Traceback (most recent call last): File ".../auto-sklearn/test/test_pipeline/components/regression/test_base.py", line 97, in test_default_boston_iterative_sparse_fit "default_boston_iterative_sparse_places", 7)) AssertionError: -4.3762864606281644e+27 != -5.121789391983587e+27 within 7 places

Here is a toy example:

import numpy as np
import pandas as pd
from sklearn.model_selection import train_test_split

from autosklearn.classification import AutoSklearnClassifier

seed = 0
np.random.seed(seed)
X = np.array([0] * 50 + [1] * 50).reshape((-1, 1))
y = np.array([0] * 50 + [1] * 50)
X_train, X_test, y_train, y_test = train_test_split(X, y, test_size=0.1)

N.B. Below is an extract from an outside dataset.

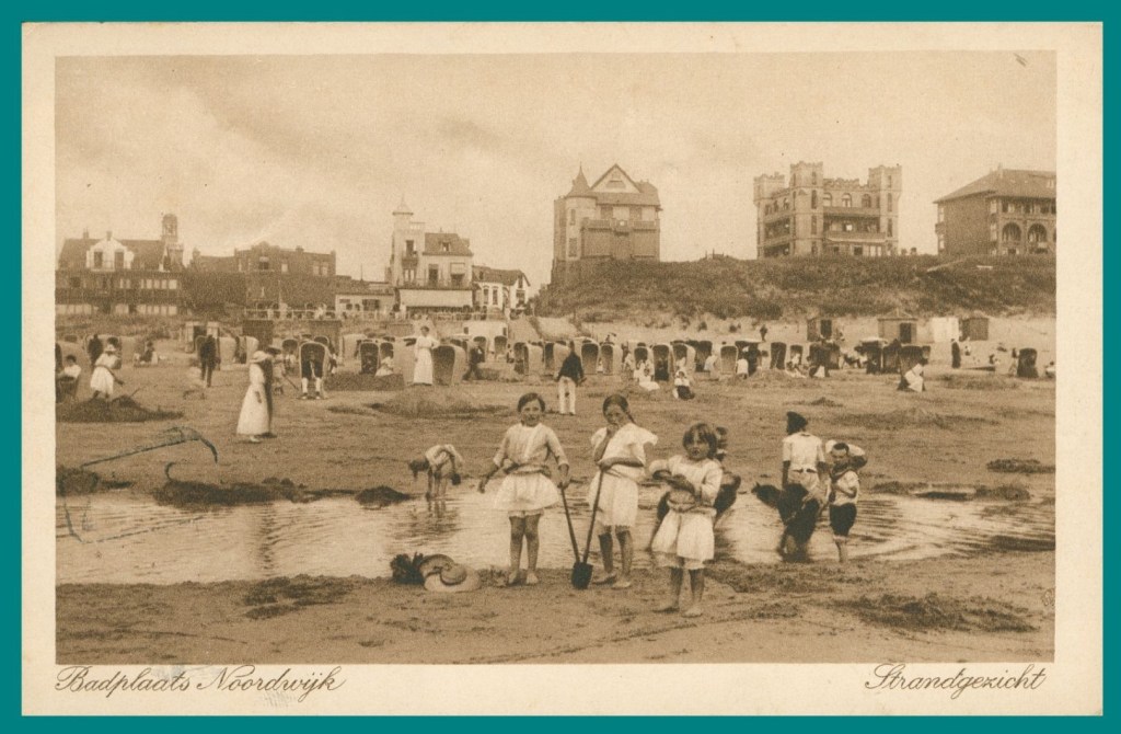 Een vooroorlogs strandgezicht van Noordwijk. De afzender schreef achterop dat het slecht weer was in Noordwijk en op de foto ziet het er ook niet zo stralend uit. Wat het weer betreft dan. De rest schittert je tegemoet.

est = AutoSklearnClassifier(time_left_for_this_task=20, seed=seed)
est.fit(X, y)
print(est.predict_proba(X_test))

My output between runs would be variable. For example:

[[0.95693356 0.04306644] [0.04306707 0.95693293] [0.95693356 0.04306644] [0.04306707 0.95693293] [0.04306707 0.95693293] [0.04306707 0.95693293] [0.95693356 0.04306644] [0.04306707 0.95693293] [0.04306707 0.95693293] [0.04306707 0.95693293]]

--and--

[[0.94460547 0.05539453] [0.05342438 0.94657562] [0.94460547 0.05539453] [0.05342438 0.94657562] [0.05342438 0.94657562] [0.05342438 0.94657562] [0.94460547 0.05539453] [0.05342438 0.94657562] [0.05342438 0.94657562] [0.05342438 0.94657562]]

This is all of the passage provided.